Aquella criatura extraña y compleja, atravesó el fuselaje de su coche y se acomodó a escasos centímetros de él, y con un tono mezcla de divinidad y oración, le dijo:
–El país no está en crisis. Tal afirmación, contrastaba en los hechos con la falta de gasolina, la escasez de dólares, los anuncios de bloqueos, las estafas en línea, las peleas por límites, las demandas pidiendo incremento de pasajes, la parcialidad judicial, los numerosos feminicidios y la incompetencia política.

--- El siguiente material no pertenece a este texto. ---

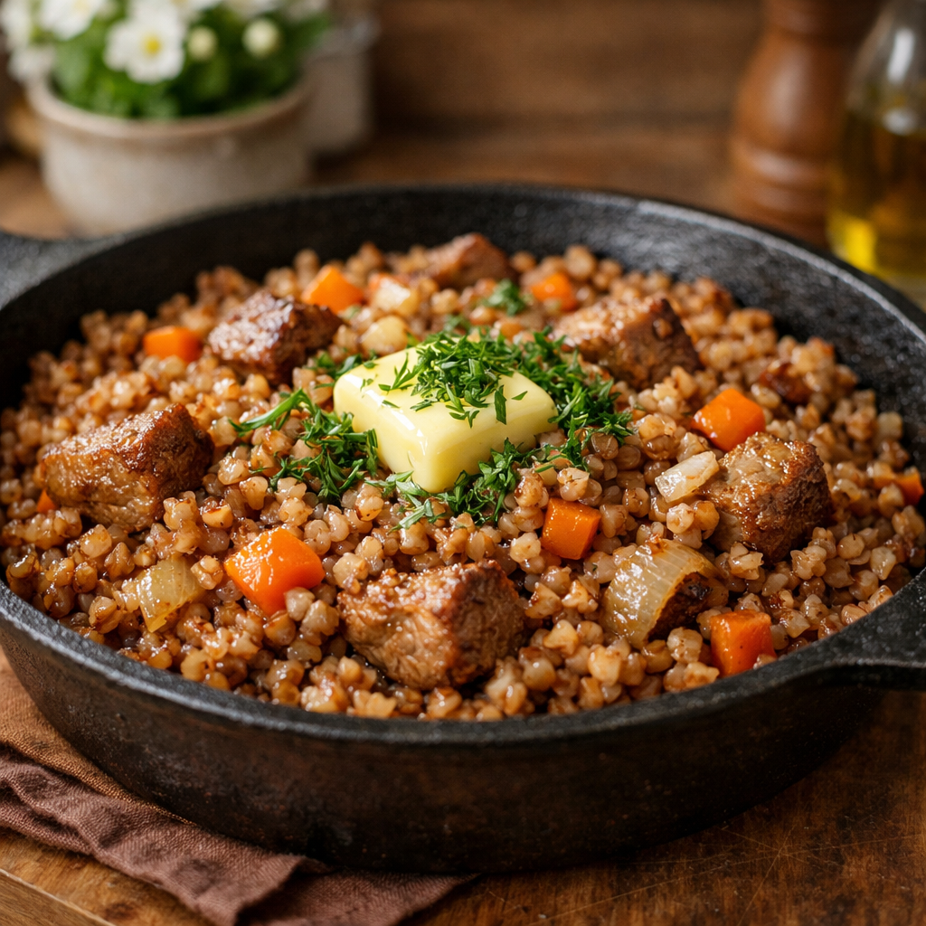 А секрет этого рецепта оказался намного проще, чем я думала… Раньше я всегда варила крупу в отдельной кастрюльке, а мясо с овощами жарила отдельно, а потом просто всё смешивала. Но когда я узнала эту маленькую, но гениальную хитрость с предварительным прогреванием крупы и томлением в густом мясном соусе, моя привычная гречка с мясом на сковороде превратилась в настоящий ресторанный шедевр с невероятным вкусом!

Más movido por los bocinazos de la fila que por la deslumbrante visión, Sigfrido Parvedad se espantó de los ruidos y sacudió la cabeza asustado. Ante él, aquella criatura de ilusión se desvaneció sin dejar rastro.
El maduro y experimentado taxista encendió su coche y se acercó al puesto de distribución del carburante.
–Quién lo hubiese creído –se dijo a sí mismo–, los ángeles son oficialistas y tal cual la gente del gobierno, viven en las nubes.
No hubo dicho esto, cuando el personal de la gasolinera empezó a avisar que la gasolina se había terminado. Faltaba sólo un coche para que sea el turno de Sigfrido Parvedad.